Créé le 10-07-2012 à 18h05 – Mis à jour à 18h05 – Par Mael Thierry
Le député européen appelle ses collègues parlementaires et militants écologistes à « marquer davantage [leurs] convictions ».
 La nouvelle ministre de l’Ecologie, Delphine Batho, a dressé dans « Libération » ses priorités pour  la conférence environnementale prévue à la rentrée : l’énergie et biodiversité. Vous êtes satisfait?
– Sur les priorités, rien à dire. Mais le problème c’est que je ne l’entends pas reprendre, pas plus qu’Ayrault dans son discours de politique générale, l’idée d’un grand débat public national et citoyen sur le modèle énergétique en France. C’était pourtant une promesse du candidat Hollande. Est-ce juste un « oubli » ou la volonté de réduire la voile pour s’en tenir à une discussion entre experts et acteurs sociaux comme au Grenelle ?
J’ajoute qu’il ne faudrait pas qu’on ouvre ce débat en en donnant déjà les conclusions. François Hollande a dit qu’il voulait passer de 75% à 50% d’électricité d’origine nucléaire à l’horizon 2025, ce qui, selon l’accord PS-EELV signifie la fermeture de 24 réacteurs. Ça ne peut pas être juste « on ferme Fessenheim » dans ce quinquennat et les 23 restants dans le suivant, y’a un truc qui ne va pas ! Il faut que les Français puissent discuter des scénarios, et qu’on se pose la question de l’option nucléaire en France au-delà de 2025.

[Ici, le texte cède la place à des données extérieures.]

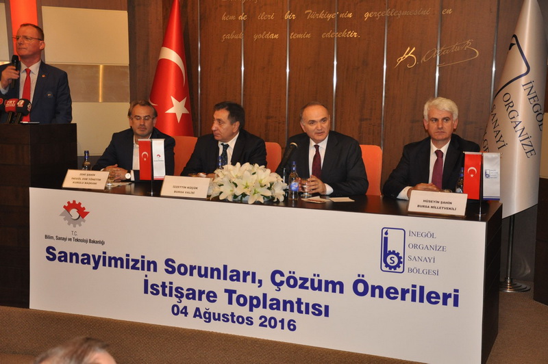 Bilim, Sanayi ve Teknoloji Bakanı Dr. Faruk Özlü, İnegöl Organize Sanayi Bölgesi’nde düzenlenen Sanayimizin Sorunları, Çözüm Önerileri İstişare Toplantısı’nda sanayici ve işadamları ile bir araya geldi.
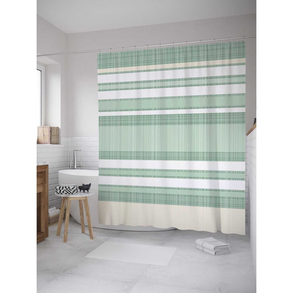 В отличие от подобных изделий из ПВХ и силикона, занавеска в ванную, пошитая из полиэстера, выгодно отличается красивым внешним видом, прочностью и длительным сроком службы. Водонепроницаемая ткань плотностью 80 г/м2 украшена стильным разноцветным принтом - нанесенная краска не боится контакта с горячей водой и не выцветает с течением времени. В комплект шторы для ванной размером 180х220 см входит 12 крючков, для которых уже подготовлены все нужные отверстия. Стиль: геометрический. Принт: Полосы на полотенце. Цвет: серо-зеленый, бежевый, белый. Рисунок: полоска. Теги: полосы, полоска, полосочки, расцветка, линии, цвета. При покупке нужно учесть, что фактический размер изделия может отличаться от заявленного в пределах не более 5 см.

Delphine Batho dit clairement son opposition au projet de taxe carbone défendu par Europe Ecologie-les verts…
– C’est le plus grave ! Je trouve qu’elle fait preuve d’une très grande légèreté, à plusieurs niveaux. D’abord sur le plan de la réflexion. Tout le monde perçoit aujourd’hui qu’il faut passer d’une fiscalité du travail à une fiscalité sur l’environnement.
C’est léger aussi par rapport à ce qui marche dans les autres pays européens. L’OCDE vient de rendre un rapport sur l’Allemagne qui montre que cette fiscalité sur l’environnement a permis de faire baisser la consommation d’énergie, les gaz à effet de serre, tout en stimulant l’emploi et en rendant l’économie plus compétitive. Cette contribution-climat-énergie est un projet éminemment social, indolore pour les plus modestes à court terme et qui redonne à moyen et long terme du pouvoir d’achat pour tout le monde.

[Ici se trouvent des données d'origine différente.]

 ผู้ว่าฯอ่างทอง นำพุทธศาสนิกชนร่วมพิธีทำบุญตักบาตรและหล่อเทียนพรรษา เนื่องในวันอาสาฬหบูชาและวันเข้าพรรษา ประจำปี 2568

C’est léger enfin par rapport à l’état de la réflexion politique en France, aux discussions qui ont déjà eu lieu avec les syndicats et les socialistes. Je rappelle que cette contribution-climat-énergie est prévue noir sur blanc dans l’accord signé entre EELV et le PS. Visiblement, elle a besoin de travailler le sujet !
Les écologistes semblent hésiter sur la ligne à tenir vis-à -vis du gouvernement. On les a peu entendus s’inquiéter de la disparition de Nicole Bricq. Etes-vous tenus par le devoir de solidarité ?

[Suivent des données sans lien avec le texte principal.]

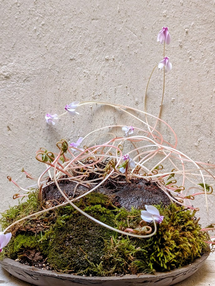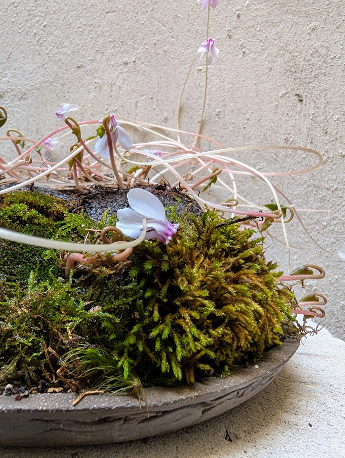 Ένα ρηχό πιάτο εμπνευσμένο από την ikebana, χειροποίητο από σκούρο πηλό με απαλές, σκαλιστές άκρες και ένα οργανικό, ανομοιόμορφο προφίλ. Η επιφάνεια φέρει διακριτικά σημάδια υφής και φυσικές παραλλαγές στον τόνο, που θυμίζουν πέτρινες πλάκες που χρησιμοποιούνται στην παραδοσιακή ιαπωνική ανθοσυνθεση. Σχεδιασμένο ως χαμηλό δοχείο τοπίου, περιέχει ένα ζωντανό χαλί από βρύα που υψώνεται σαν μια μικρή πλαγιά, δημιουργώντας ένα ήσυχο σκηνικό για να αναδυθούν τα ντελικάτα κυκλάμινα.

– Nos ministres oui ! Sans que cela se transforme en langue de bois. C’est un chemin difficile pour eux. Quant aux parlementaires et au mouvement, il faut qu’on marque davantage nos convictions. Quand on voit François Hollande réaffirmer au président nigérien l’importance des contrats d’uranium, ou Laurent Fabius dire au Japon qu’il veut relancer la coopération sur le nucléaire, on se dit que cela ressemble étrangement à ce qu’était l’attitude de la France il y a quelques mois… Si ce gouvernement continue à vendre le nucléaire au niveau international sans faire les ruptures nécessaires sur la fiscalité écolo, on aura très vite de gros soucis sur le fond !
Daniel Cohn-Bendit se désolait récemment de l’image d’ »arrivistes » des écologistes. C’est aussi votre avis ?
– On a clairement une image brouillée. Quand un petit parti passe un accord avec un gros parti pour être représenté à l’Assemblée, il passe toujours pour opportuniste. Même si cet accord, sur le fond, était bon. Mais dans la dernière période, c’est vrai qu’on a pu donner l’image d’une conquête de postes plus que d’une conquête de la société. A mon avis, le mouvement a trois chantiers devant lui : la participation forte au débat national sur l’énergie, l’organisation d’une grande réflexion sur la France dans l’Europe, et un chantier interne, changer nos pratiques pour retrouver l’élan d’Europe Ecologie.